| name | gocam-best-practice |
| description | This skill should be used when creating, editing, or validating GO-CAM (Gene Ontology Causal Activity Model) models. It provides comprehensive annotation guidelines for molecular functions, biological processes, cellular components, and causal relationships following GO Consortium standards. |
GO-CAM Best Practice Skill
This skill provides expert guidance for creating and editing GO-CAM (Gene Ontology Causal Activity Model) models using the barista command-line tool. GO-CAM models represent biological knowledge as networks of causal relationships between molecular activities.
When to Use This Skill
Use this skill when:
- Creating new GO-CAM models from biological pathway descriptions
- Editing existing GO-CAM models to add activities or relationships
- Validating GO-CAM models against annotation best practices
- Annotating specific molecular function types (transcription factors, receptors, transporters, etc.)
- Representing complexes, adaptors, carriers, or sequestering proteins
- Adding evidence to support causal relationships
Core Concepts
GO-CAM Structure
Every GO-CAM model consists of:
- Individuals (nodes): Molecular activities (MF), biological processes (BP), or cellular components (CC)

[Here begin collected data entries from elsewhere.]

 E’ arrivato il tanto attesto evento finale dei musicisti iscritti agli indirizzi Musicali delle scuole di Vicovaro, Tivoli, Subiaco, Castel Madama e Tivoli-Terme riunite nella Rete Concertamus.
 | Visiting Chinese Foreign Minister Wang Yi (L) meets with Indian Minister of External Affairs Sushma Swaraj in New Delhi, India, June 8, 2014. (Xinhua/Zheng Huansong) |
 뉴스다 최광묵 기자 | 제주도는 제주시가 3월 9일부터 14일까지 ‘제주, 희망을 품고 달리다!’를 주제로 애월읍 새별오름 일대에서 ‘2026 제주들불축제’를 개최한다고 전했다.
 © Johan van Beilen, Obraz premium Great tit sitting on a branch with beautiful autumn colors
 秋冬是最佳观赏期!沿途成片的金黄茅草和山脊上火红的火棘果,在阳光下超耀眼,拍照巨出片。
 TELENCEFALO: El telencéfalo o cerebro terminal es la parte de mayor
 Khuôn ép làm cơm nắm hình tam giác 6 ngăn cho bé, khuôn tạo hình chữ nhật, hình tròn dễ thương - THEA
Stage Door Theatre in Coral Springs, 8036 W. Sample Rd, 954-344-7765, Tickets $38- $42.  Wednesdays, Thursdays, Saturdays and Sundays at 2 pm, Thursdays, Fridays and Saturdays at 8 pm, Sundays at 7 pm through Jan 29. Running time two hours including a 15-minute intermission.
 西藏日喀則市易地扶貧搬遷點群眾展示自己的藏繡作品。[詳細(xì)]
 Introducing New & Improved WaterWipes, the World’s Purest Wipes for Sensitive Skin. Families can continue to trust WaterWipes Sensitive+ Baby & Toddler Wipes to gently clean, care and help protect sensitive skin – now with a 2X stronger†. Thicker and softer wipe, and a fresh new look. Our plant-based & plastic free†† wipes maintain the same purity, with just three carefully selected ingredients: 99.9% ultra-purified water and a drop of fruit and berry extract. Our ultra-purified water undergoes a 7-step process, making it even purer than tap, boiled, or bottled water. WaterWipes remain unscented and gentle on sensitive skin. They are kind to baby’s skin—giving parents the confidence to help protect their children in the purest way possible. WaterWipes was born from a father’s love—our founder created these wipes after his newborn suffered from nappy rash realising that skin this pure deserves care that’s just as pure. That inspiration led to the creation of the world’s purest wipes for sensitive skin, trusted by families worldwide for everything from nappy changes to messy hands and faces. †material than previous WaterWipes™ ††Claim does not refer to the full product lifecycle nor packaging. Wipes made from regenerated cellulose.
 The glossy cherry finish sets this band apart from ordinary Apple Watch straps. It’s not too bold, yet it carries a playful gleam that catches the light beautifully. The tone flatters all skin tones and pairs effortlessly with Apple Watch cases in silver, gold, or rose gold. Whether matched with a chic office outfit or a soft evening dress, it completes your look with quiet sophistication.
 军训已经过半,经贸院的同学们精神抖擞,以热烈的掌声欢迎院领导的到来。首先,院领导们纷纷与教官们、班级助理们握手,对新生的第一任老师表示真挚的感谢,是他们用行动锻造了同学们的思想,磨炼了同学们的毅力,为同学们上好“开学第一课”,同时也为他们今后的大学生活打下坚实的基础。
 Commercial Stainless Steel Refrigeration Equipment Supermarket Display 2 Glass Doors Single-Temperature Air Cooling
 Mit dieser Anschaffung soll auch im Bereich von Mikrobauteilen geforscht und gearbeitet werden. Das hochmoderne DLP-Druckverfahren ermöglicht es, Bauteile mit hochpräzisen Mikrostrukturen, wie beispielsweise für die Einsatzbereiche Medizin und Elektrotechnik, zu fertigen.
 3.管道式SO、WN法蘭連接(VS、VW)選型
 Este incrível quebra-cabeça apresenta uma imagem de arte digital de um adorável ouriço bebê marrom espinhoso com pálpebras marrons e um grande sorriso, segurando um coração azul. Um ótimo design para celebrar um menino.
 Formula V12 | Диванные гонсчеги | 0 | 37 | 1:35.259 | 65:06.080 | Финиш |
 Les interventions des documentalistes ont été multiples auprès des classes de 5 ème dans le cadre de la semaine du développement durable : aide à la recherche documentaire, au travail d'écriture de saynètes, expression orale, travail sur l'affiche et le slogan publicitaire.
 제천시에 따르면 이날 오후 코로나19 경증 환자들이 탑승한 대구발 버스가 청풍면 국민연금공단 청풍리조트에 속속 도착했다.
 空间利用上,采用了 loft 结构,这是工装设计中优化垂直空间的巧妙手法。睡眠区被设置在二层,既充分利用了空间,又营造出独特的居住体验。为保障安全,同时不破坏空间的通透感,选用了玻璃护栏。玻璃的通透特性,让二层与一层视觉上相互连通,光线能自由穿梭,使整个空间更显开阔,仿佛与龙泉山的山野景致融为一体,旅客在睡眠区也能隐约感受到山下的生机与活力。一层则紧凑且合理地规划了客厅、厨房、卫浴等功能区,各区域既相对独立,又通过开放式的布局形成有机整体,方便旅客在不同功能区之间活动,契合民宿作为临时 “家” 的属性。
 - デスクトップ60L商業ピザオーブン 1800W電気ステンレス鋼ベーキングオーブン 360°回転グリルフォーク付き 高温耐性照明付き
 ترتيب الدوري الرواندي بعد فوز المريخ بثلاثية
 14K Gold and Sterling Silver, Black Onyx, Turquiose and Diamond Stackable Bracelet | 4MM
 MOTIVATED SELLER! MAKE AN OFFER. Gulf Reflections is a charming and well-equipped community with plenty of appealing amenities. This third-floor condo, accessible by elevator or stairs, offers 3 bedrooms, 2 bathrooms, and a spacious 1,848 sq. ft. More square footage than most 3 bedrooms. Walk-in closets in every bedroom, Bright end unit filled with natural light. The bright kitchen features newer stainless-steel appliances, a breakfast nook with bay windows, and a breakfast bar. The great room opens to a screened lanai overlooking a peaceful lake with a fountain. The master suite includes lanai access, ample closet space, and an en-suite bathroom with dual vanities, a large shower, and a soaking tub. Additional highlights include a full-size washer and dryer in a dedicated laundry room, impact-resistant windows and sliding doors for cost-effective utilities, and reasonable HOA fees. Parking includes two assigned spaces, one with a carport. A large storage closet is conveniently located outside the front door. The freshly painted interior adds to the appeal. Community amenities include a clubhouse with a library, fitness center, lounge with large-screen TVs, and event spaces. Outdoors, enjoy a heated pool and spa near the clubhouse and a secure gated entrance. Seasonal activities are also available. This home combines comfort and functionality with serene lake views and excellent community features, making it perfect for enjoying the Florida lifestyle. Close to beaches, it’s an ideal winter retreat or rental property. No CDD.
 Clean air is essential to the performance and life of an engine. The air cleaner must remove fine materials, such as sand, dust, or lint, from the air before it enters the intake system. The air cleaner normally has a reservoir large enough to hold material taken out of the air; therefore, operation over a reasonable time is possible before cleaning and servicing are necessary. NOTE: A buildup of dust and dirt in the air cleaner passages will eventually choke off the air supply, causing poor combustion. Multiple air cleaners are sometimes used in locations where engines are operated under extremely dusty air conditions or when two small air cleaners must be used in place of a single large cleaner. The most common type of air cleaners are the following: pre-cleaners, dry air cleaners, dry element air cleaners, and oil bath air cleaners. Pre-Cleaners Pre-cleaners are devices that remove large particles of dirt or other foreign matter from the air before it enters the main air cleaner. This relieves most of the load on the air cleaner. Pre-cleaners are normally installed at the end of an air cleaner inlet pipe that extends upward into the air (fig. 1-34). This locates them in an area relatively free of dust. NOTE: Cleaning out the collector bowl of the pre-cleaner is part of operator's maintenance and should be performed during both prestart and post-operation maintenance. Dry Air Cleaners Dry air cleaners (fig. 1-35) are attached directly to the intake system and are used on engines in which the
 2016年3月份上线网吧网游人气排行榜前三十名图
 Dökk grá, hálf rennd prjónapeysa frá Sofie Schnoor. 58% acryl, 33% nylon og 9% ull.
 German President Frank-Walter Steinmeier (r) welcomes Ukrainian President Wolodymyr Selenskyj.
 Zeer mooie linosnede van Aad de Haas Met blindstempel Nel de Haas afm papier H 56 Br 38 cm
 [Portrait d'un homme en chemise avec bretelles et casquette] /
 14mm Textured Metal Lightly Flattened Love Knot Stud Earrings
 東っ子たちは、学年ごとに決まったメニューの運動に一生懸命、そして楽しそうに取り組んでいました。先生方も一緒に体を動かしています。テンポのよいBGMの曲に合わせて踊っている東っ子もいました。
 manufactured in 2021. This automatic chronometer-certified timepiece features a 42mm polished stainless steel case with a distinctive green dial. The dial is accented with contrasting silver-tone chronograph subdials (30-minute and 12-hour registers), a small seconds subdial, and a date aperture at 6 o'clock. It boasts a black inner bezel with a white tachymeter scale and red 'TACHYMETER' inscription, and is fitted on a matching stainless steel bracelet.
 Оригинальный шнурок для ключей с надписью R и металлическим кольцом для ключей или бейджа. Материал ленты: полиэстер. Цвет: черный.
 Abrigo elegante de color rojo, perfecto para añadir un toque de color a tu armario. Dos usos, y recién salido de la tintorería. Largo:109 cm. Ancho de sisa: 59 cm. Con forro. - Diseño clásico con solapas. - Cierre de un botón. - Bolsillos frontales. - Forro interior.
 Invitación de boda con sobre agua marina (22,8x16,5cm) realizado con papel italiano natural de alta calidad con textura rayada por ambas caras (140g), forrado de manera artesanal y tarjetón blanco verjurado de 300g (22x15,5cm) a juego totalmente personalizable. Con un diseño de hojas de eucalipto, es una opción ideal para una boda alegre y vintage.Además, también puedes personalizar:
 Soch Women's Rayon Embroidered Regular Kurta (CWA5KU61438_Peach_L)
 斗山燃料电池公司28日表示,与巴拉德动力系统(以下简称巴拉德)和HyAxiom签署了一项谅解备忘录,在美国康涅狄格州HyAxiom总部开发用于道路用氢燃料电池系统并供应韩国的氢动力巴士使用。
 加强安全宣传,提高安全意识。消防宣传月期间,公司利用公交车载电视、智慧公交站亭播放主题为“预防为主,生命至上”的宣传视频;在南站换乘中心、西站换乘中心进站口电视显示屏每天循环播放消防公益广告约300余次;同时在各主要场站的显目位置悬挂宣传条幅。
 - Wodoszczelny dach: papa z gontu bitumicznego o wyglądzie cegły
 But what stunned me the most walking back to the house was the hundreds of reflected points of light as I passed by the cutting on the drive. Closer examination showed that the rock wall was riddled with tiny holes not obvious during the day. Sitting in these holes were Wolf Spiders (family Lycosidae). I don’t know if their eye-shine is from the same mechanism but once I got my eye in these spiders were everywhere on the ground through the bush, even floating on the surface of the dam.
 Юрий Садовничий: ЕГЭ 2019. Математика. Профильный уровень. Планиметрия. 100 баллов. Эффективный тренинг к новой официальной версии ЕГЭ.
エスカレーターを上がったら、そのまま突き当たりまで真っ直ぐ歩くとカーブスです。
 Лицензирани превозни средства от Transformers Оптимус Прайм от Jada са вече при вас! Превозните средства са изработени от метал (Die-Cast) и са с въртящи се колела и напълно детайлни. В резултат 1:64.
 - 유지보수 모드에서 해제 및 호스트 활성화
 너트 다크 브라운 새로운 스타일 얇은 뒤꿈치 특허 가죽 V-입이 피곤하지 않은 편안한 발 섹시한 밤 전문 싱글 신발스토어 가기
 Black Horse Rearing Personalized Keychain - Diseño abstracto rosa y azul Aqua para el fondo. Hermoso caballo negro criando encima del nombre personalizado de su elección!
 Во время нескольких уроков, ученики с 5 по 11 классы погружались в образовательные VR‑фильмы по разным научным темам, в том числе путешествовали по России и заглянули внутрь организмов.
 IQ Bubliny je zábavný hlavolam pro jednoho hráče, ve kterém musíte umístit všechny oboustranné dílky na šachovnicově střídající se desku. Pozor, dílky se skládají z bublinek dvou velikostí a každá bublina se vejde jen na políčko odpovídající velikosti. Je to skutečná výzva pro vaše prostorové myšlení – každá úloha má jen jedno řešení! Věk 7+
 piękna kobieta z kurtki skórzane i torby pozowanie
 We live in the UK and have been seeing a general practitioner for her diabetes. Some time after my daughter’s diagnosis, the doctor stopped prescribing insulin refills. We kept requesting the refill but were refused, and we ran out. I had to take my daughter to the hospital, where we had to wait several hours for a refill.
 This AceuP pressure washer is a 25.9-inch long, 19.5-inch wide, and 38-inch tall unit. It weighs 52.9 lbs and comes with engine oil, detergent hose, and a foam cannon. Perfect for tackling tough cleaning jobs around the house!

- Facts (edges): Relationships between individuals, including causal relations
- Evidence: Publications and evidence codes supporting each fact
Activity Units
An activity unit is the fundamental building block of GO-CAM models:
- MF (Molecular Function): The activity 'enabled' by a gene product
- Context: Additional information via relations like 'has input', 'occurs in', 'part of'
- Causal Relations: How this activity affects other activities
Annotation Guidelines by Activity Type
The .claude/skills/gocam-best-practice/references/ directory contains detailed guidelines for specific annotation scenarios. Load these files when working with the corresponding activity types.
A comprehensive overview of all GO-CAM guidelines is in .claude/skills/gocam-best-practice/SP-GOCAM-guidelines-2025-02-06.md — read this first for unfamiliar annotation scenarios.
Core Guidelines
- SP-GOCAM-guidelines-2025-02-06.md (skill root): Comprehensive GO-CAM guidelines — Noctua setup, activity units, causal relations, PTMs, receptors, adaptors, sequestering proteins, complexes, transporters
- How_to_annotate_complexes_in_GO-CAM.md: When and how to represent protein complexes
Specific Molecular Function Types
- DNA-binding_transcription_factor_activity_annotation_guidelines.md
- Signaling_receptor_activity_annotation_guidelines.md
- Transporter_activity_annotation_annotation_guidelines.md
- E3_ubiquitin_ligases.md
- Molecular_adaptor_activity.md
- Molecular_carrier_activity.md
- Protein_sequestering_activity.md
- Transcription_coregulator_activity.md
- WIP_-_Regulation_and_Regulatory_Processes_in_GO-CAM.md
Common Patterns and Best Practices
Causal Relationship Selection
Choose the appropriate causal relation:
- directly positively regulates: Direct activation (e.g., ligand → receptor, kinase → substrate)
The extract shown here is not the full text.